When one fabric electrode 20 is woven at a preset position, a plurality of non-woven parts in the area of one fabric electrode 20 form the electrocardiosignal acquisition part 21, and a plurality of woven parts in the area of one fabric electrode 20 form the connection part 22. The electrocardiosignal acquisition part 21 protrudes out of the surface of the garment body 10 close to the skin, so that the contact area of the electrocardiosignal acquisition part 21 and the skin of a human body is greatly increased, and the electrocardiosignal acquisition capacity of the fabric electrode 20 can be improved. The connecting part 22 and the surface of the side of the coat body 10 far away from the skin are positioned on the same plane, so that the aesthetic property of the electrocardio-coat is improved. In some embodiments, the connecting portion 22 may be configured to be a circle, an oval, a polygon, or a pattern, etc. as needed, and only the routing method between the conductive yarn 201 and the non-conductive yarn 101 needs to be changed, so as to meet the personalized requirements of the user.

In some embodiments, the color of conductive yarn 201 may or may not be the same as the color of non-conductive yarn 101. Preferably, the color of the conductive yarn 201 is different from the color of the non-conductive yarn 101, so that the connecting part 22 forms a contour on the surface of the garment body 10 on the side away from the skin, and the contour can be set to be a circle, a polygon or a pattern required by a user according to needs, thereby further improving the aesthetic property of the garment and meeting the personalized needs of the user.

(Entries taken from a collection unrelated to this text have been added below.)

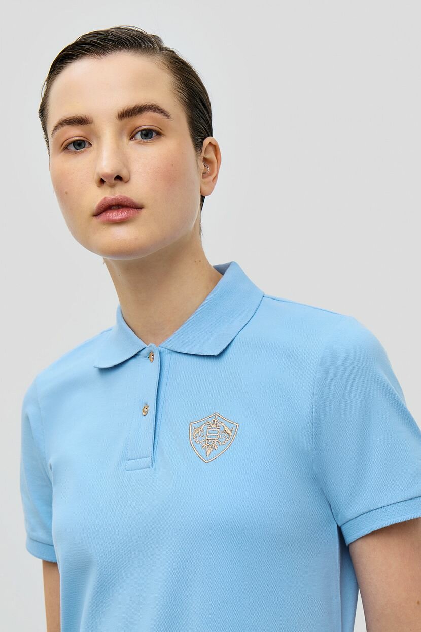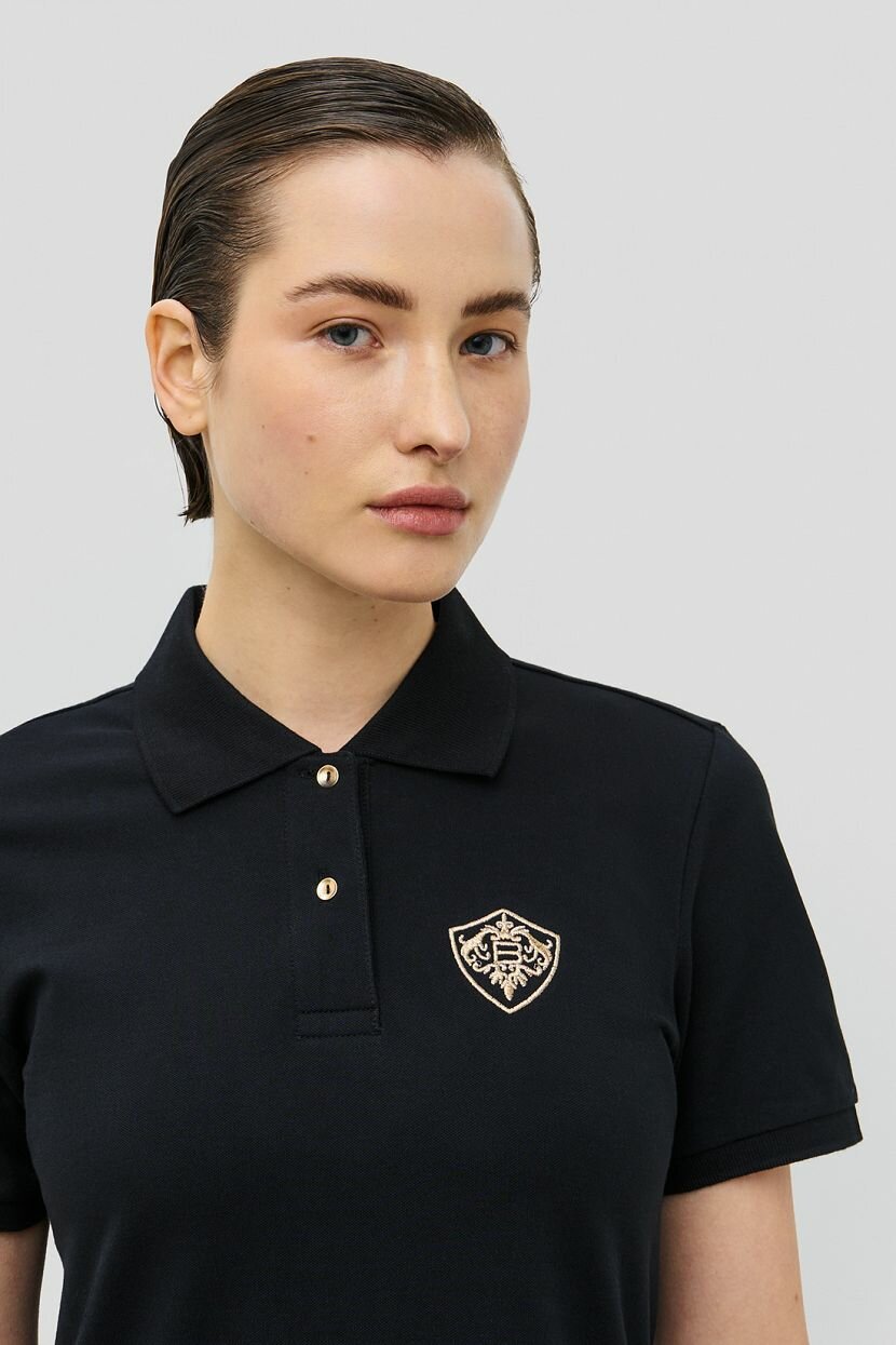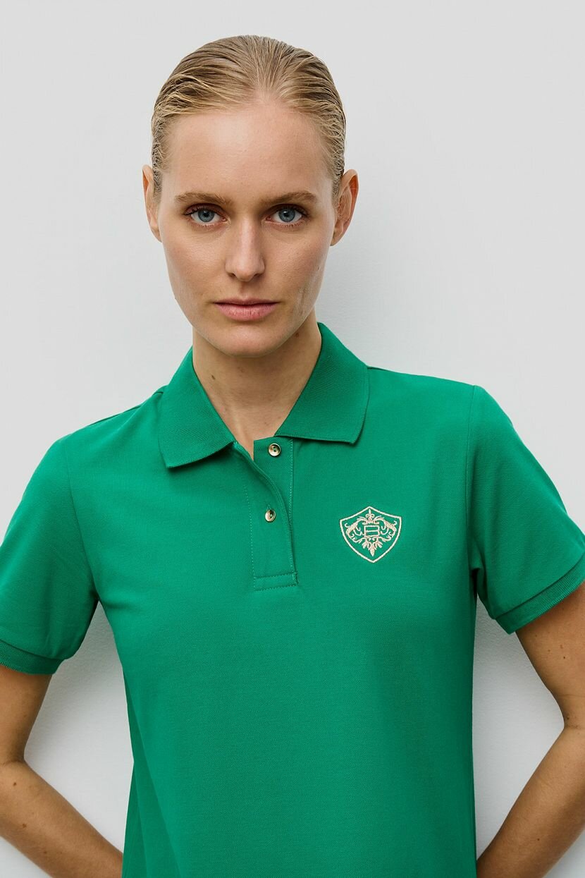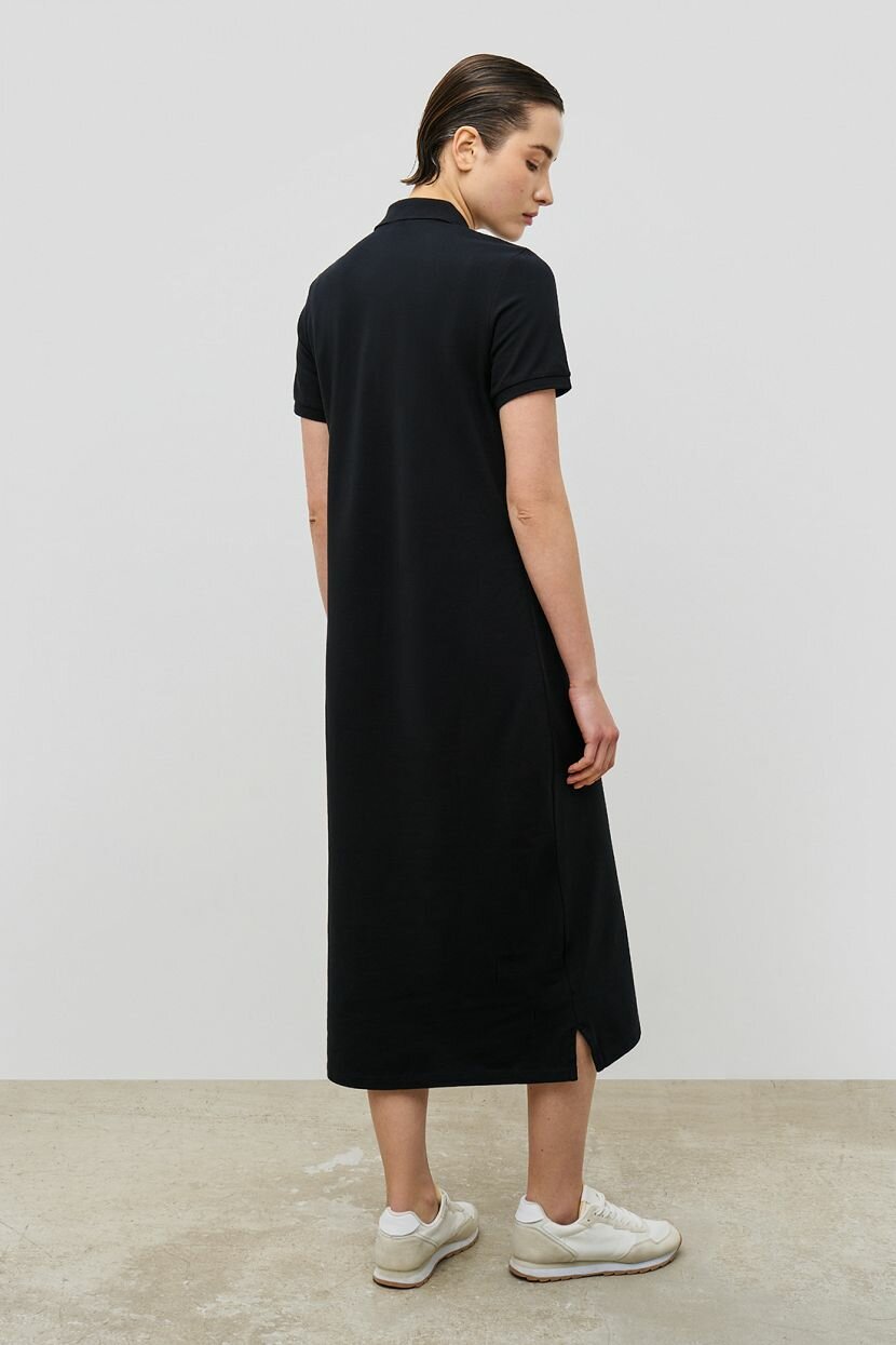 Отличный вариант для жаркого лета - платье-поло в актуальной длине миди. Простое, лаконичное, но очень стильное, оно подчеркнет красоту вашей фигуры и подарит ощущение комфорта. Вышитая эмблема и фурнитура золотистого цвета стали акцентом базовой модели. Рекомендуем сочетать это платье с обувью в спортивном стиле.
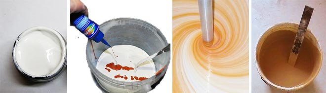 Aber wenn die Möglichkeit des automatischen Mischens von Farbe mit Pigment nicht besteht, spielt es keine Rolle. Dies kann unabhängig voneinander erfolgen, indem der Masse Farbe hinzugefügt und diese schrittweise und gründlich gemischt werden. Die Hauptsache ist, sofort das gesamte Volumen zu tönen, das zum Streichen der Decke erforderlich ist, da es kaum möglich ist, das Ergebnis manuell genau zu wiederholen.
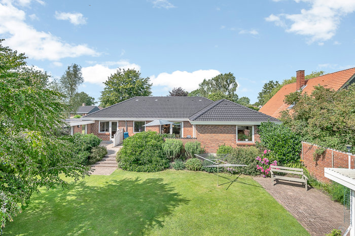 Boligen rummer hele 156 m² i ét plan. I forbindelse med en ombygning i 1990’erne blev skabt et stort, indbydende alrum med adgang til stuen via franske døre. En ramme for den daglige tilværelse, der bare skal opleves. Huset har ikke mindre end 5 værelser, hvoraf det ene kan fungere som gæsteværelse med separat indgang.
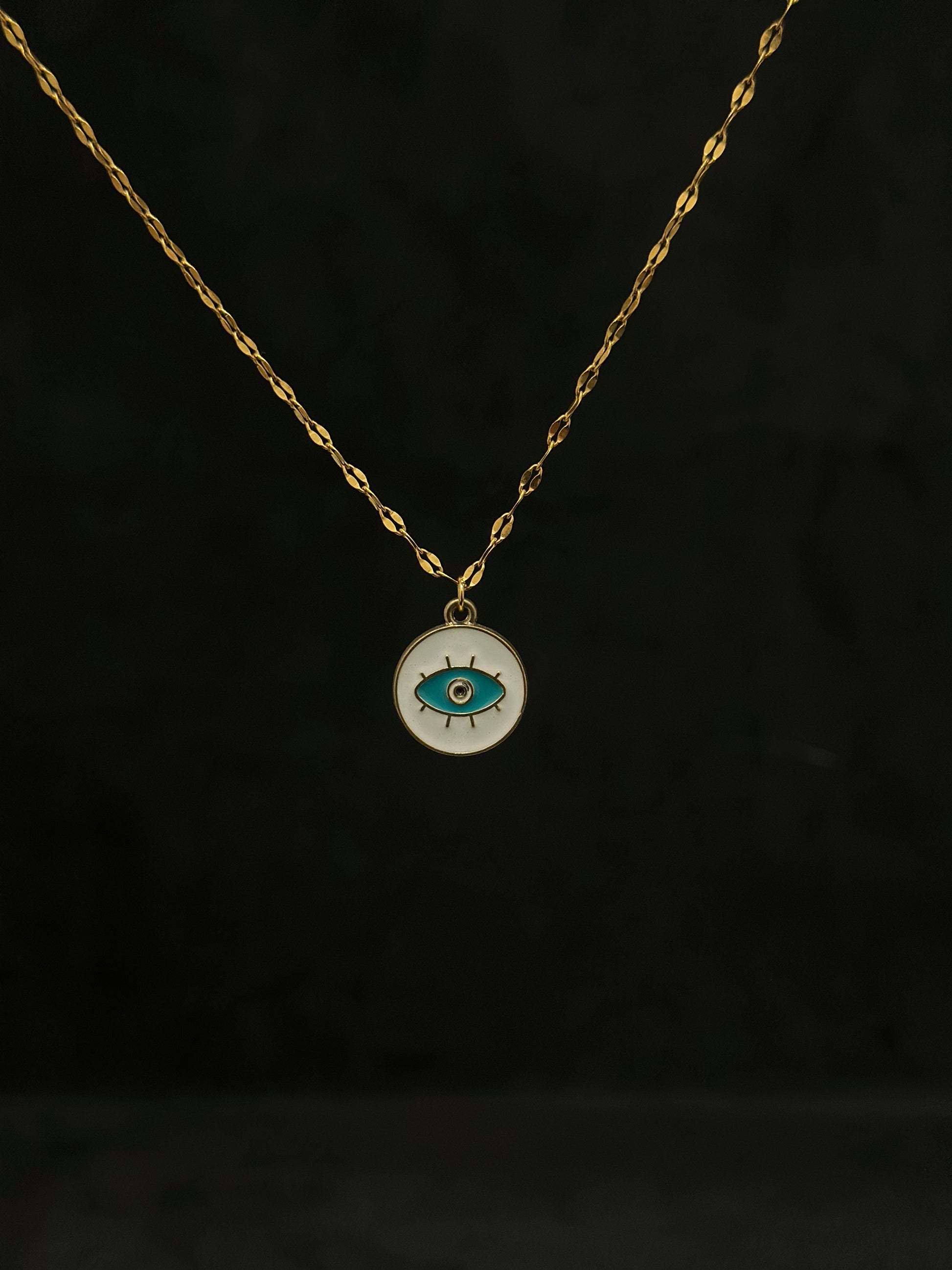 Collana in acciaio con ciondolo raffigurante l'occhio di Nazar, simbolo di protezione contro il malocchio. Un amuleto dal fascino tradizionale e contemporaneo, perfetto per un tocco di stile dal significato potente

In some embodiments, at the fabric electrode 20 in a predetermined position, a channel is formedControlling the number ratio of the conductive yarns 201 to the non-conductive yarns 101 to be greater than or equal to 1 ² . Experiments show that the area of each fabric electrode 20 is more than 1cm ² And when the fabric electrode 20 is interwoven with the garment body 10, the number ratio of the conductive yarns 201 to the non-conductive yarns 101 is greater than or equal to 1. For example, an electrocardiographic vest comprises 8 rectangular fabric electrodes 20, the rectangular fabric electrodes 20 having an area of 2cm ² . The area of the fabric electrode 20 can be set according to the size of the electrocardio-coat or different objects of users.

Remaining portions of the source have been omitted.